What the task requires:
Starting at the line that contains "k. Disconnect lower" and stopping at the line that contains "Presidential Address by Principal", restate each line of the records below exactly. Omit the pictures.

^^^^^^^^

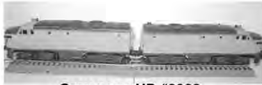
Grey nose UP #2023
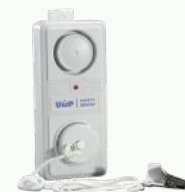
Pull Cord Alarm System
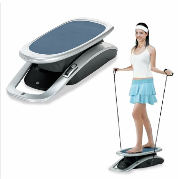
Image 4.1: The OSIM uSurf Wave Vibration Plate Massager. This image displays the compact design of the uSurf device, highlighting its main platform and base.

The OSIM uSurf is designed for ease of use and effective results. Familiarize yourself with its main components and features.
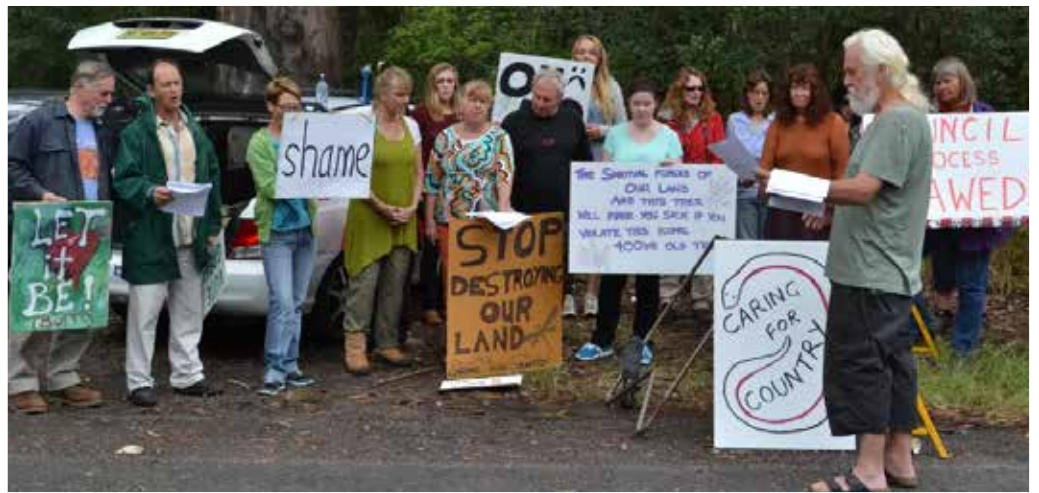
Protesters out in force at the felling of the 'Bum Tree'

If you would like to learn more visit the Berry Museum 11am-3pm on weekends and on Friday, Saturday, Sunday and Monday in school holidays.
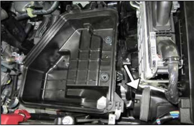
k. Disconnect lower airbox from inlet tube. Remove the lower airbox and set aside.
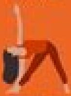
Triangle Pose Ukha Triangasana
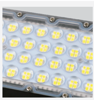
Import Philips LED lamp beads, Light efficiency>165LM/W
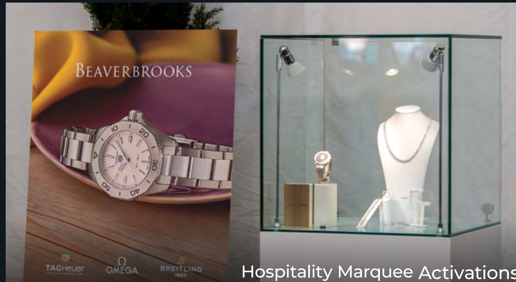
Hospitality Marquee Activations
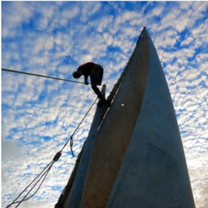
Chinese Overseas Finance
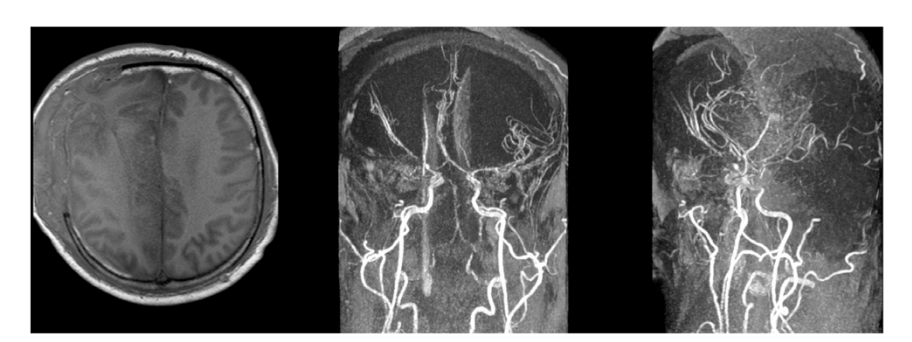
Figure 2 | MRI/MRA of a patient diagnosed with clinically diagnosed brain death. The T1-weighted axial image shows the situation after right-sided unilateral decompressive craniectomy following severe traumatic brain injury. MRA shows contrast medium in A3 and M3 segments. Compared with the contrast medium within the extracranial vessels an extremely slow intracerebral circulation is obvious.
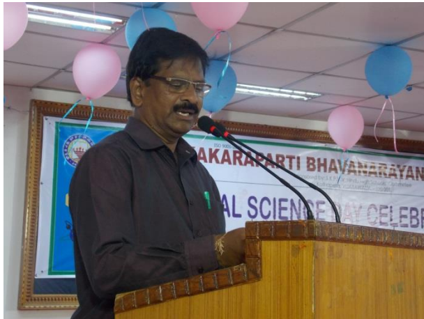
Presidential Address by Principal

^^^^^^^^

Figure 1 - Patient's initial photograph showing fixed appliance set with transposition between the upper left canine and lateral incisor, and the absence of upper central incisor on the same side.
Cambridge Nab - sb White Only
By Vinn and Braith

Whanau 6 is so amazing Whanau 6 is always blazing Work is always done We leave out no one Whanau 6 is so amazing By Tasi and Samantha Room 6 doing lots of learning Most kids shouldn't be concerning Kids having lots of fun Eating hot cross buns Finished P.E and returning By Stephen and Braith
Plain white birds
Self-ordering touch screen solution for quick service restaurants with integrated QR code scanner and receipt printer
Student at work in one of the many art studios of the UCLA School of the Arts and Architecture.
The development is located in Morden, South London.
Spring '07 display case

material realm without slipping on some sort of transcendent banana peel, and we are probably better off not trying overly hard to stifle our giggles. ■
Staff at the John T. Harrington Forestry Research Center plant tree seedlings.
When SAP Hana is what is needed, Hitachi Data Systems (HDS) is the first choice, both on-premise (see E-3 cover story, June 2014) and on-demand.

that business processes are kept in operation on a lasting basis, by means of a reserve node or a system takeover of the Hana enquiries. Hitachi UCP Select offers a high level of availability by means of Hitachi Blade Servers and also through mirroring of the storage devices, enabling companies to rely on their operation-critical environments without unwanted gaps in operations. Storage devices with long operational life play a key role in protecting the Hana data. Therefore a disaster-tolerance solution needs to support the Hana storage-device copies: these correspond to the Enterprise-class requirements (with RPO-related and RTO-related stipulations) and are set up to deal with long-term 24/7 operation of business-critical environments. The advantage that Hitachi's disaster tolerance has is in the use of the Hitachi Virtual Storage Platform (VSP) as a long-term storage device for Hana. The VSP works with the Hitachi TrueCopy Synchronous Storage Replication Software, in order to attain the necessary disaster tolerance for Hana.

^^^^^^^^

Result:
k. Disconnect lower airbox from inlet tube. Remove the lower airbox and set aside.
Triangle Pose Ukha Triangasana
Import Philips LED lamp beads, Light efficiency>165LM/W
Hospitality Marquee Activations
Chinese Overseas Finance
Figure 2 | MRI/MRA of a patient diagnosed with clinically diagnosed brain death. The T1-weighted axial image shows the situation after right-sided unilateral decompressive craniectomy following severe traumatic brain injury. MRA shows contrast medium in A3 and M3 segments. Compared with the contrast medium within the extracranial vessels an extremely slow intracerebral circulation is obvious.
Presidential Address by Principal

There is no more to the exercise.